Problem:
The lines below, from the one holding "R and R Plumbing" through the one holding "- NOS unused", are to be restated word for word, with all images left out.

Records for processing:
————————
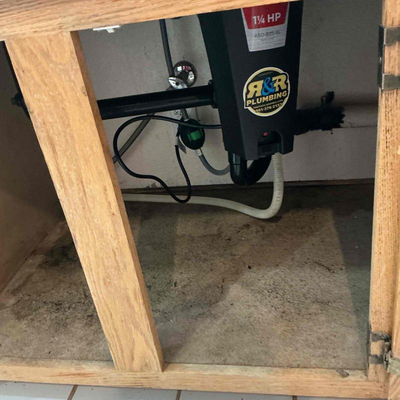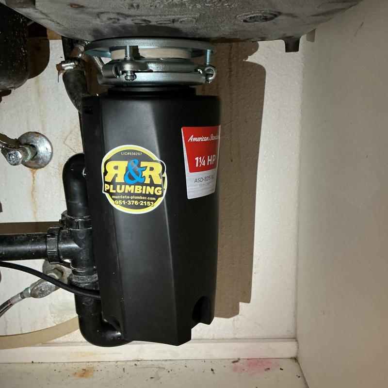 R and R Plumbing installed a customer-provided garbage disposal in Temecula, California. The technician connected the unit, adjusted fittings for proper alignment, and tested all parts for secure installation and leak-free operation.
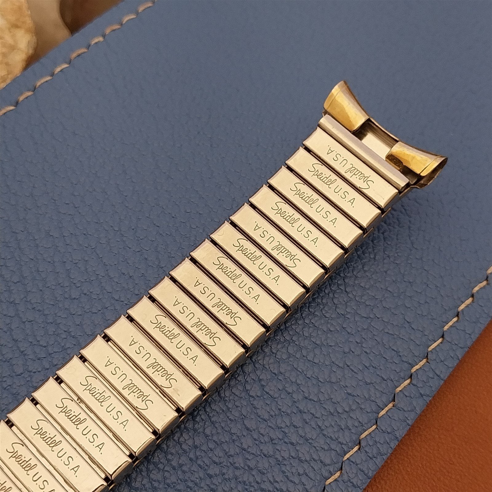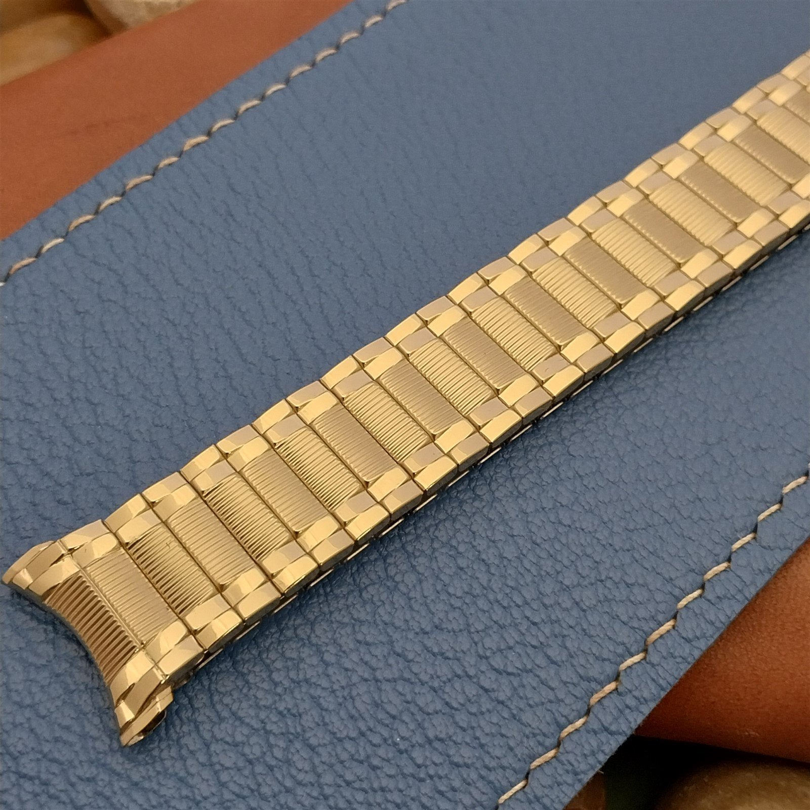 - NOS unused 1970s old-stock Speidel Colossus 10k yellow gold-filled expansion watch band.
————————
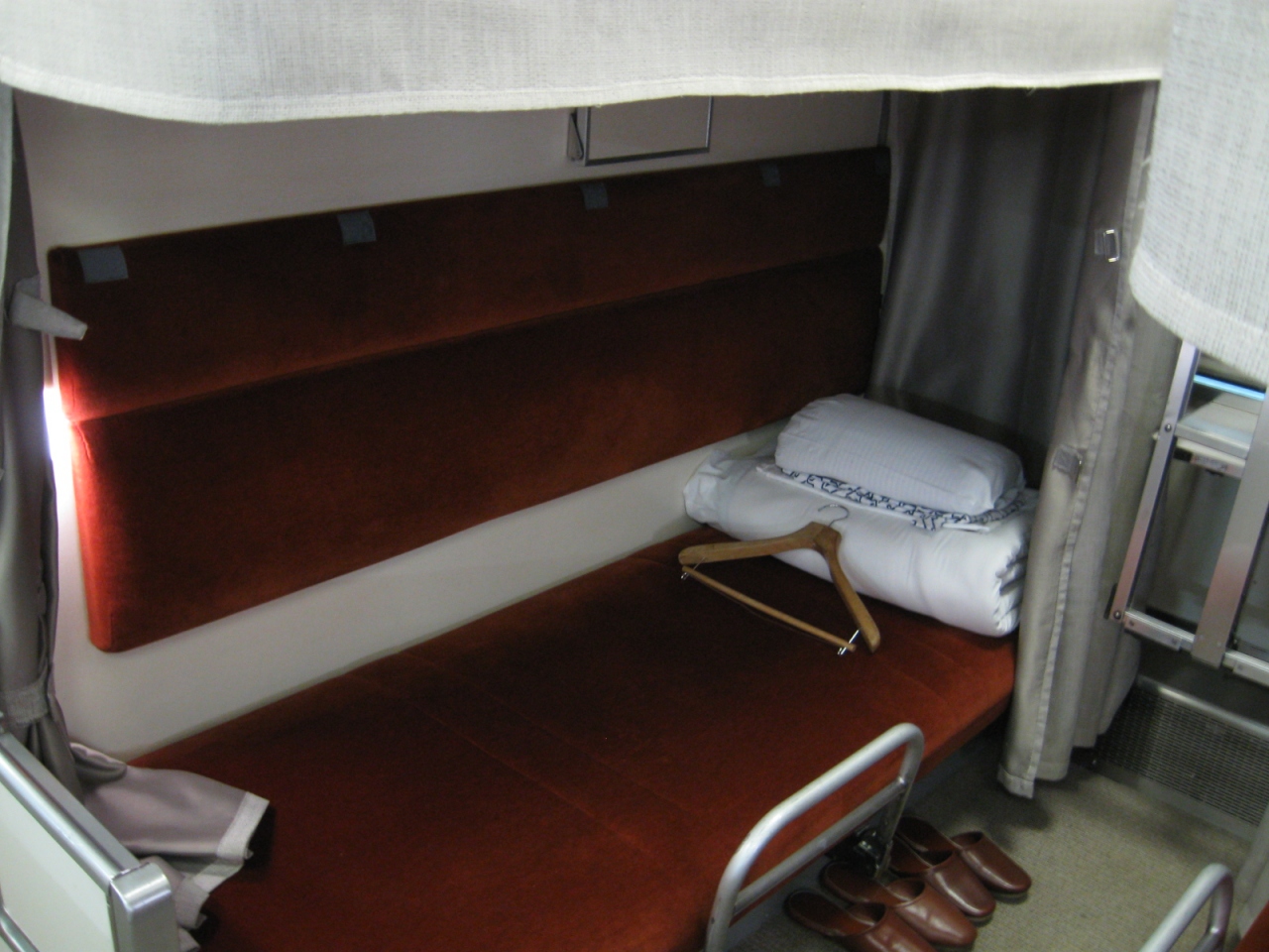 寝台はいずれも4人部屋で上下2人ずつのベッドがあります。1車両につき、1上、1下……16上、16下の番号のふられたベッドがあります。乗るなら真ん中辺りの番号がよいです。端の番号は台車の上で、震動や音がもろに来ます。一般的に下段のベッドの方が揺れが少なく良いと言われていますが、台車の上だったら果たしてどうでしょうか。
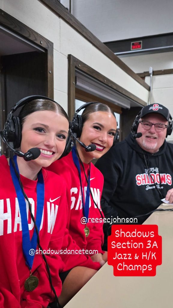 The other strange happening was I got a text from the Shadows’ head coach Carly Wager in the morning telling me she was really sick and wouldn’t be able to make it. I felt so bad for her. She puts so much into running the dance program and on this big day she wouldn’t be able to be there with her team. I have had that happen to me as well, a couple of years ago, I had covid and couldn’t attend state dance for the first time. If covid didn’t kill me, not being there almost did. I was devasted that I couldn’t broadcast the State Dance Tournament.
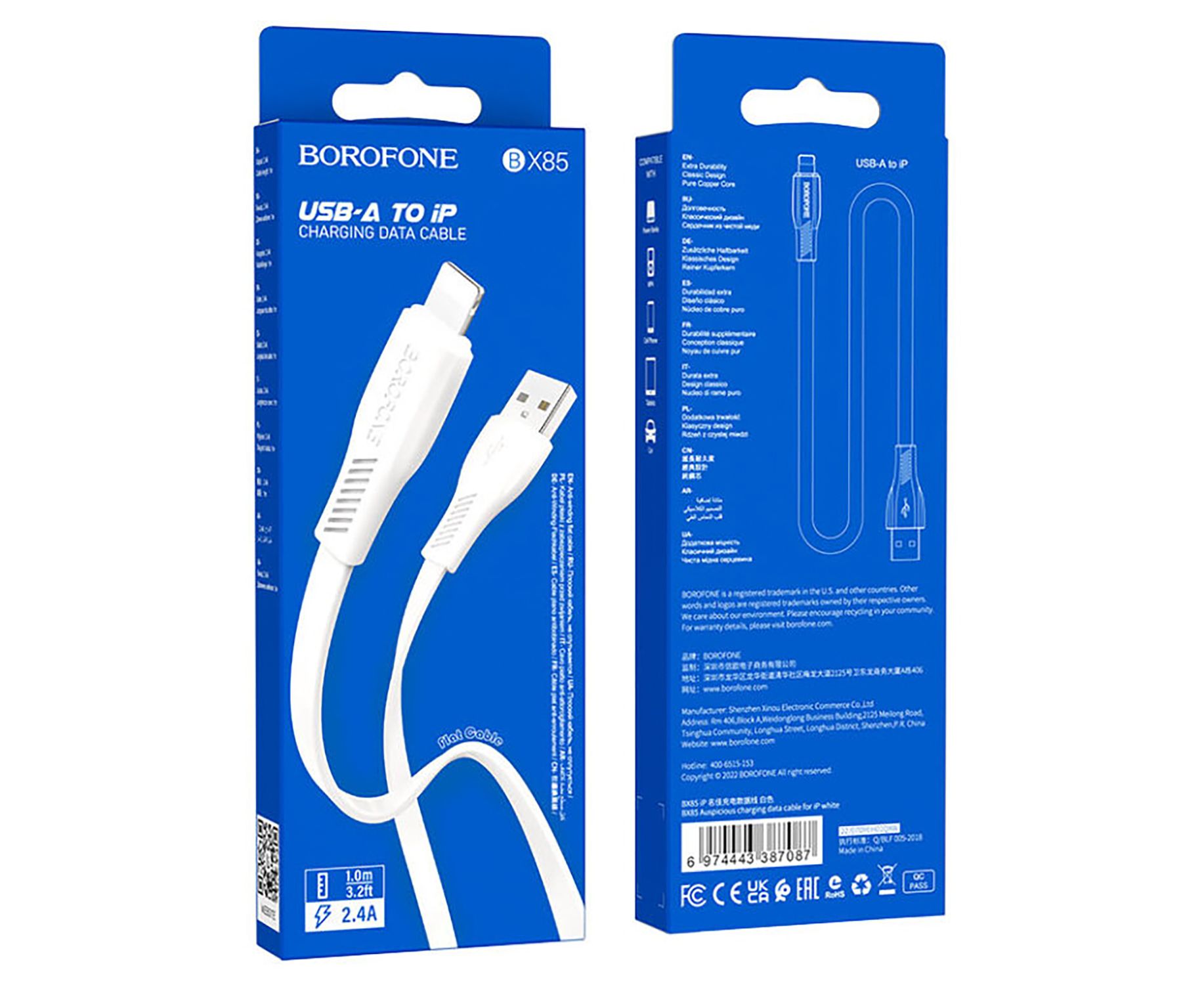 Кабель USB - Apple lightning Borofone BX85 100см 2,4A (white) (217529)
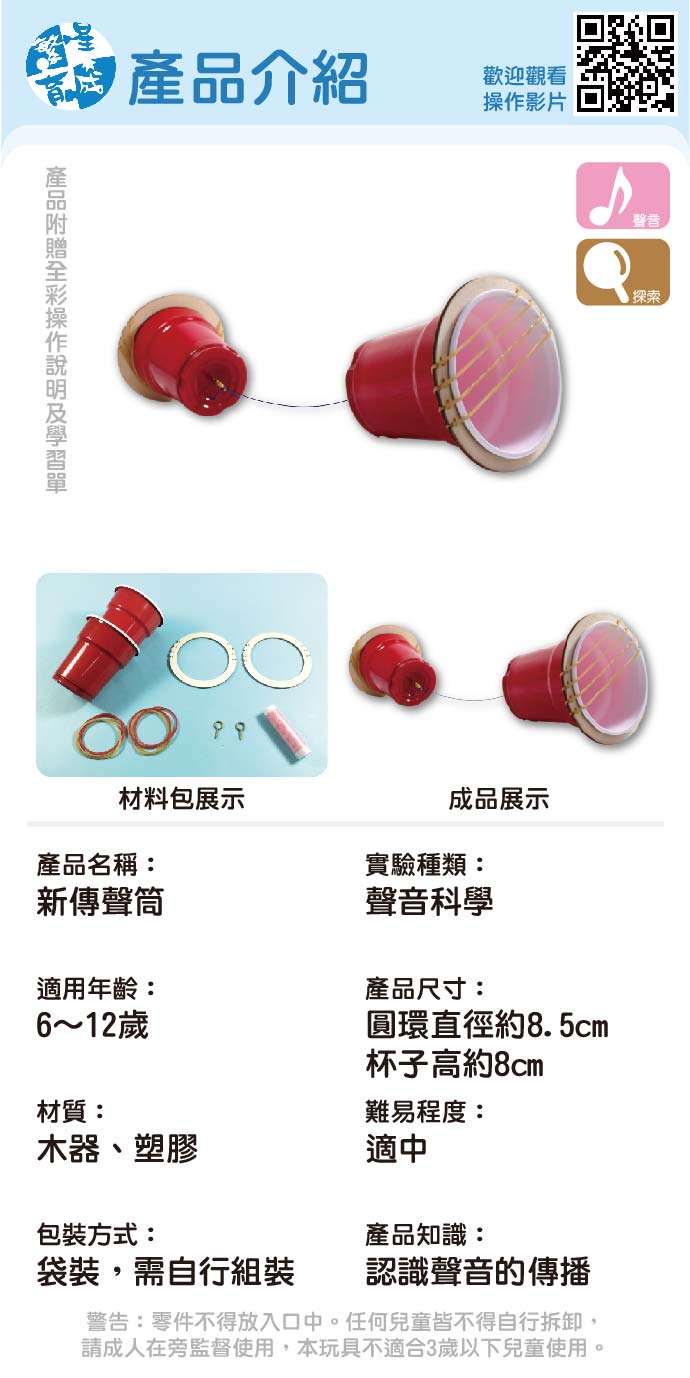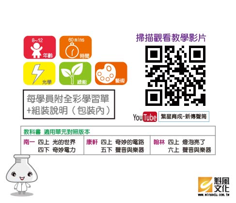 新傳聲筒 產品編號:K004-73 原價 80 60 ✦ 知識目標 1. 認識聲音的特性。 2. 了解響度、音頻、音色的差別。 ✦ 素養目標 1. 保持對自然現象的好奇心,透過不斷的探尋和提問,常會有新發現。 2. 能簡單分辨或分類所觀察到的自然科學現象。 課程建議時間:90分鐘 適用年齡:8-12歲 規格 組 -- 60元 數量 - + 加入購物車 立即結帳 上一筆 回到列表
————————
Completed exercise:
 R and R Plumbing installed a customer-provided garbage disposal in Temecula, California. The technician connected the unit, adjusted fittings for proper alignment, and tested all parts for secure installation and leak-free operation.
 - NOS unused 1970s old-stock Speidel Colossus 10k yellow gold-filled expansion watch band.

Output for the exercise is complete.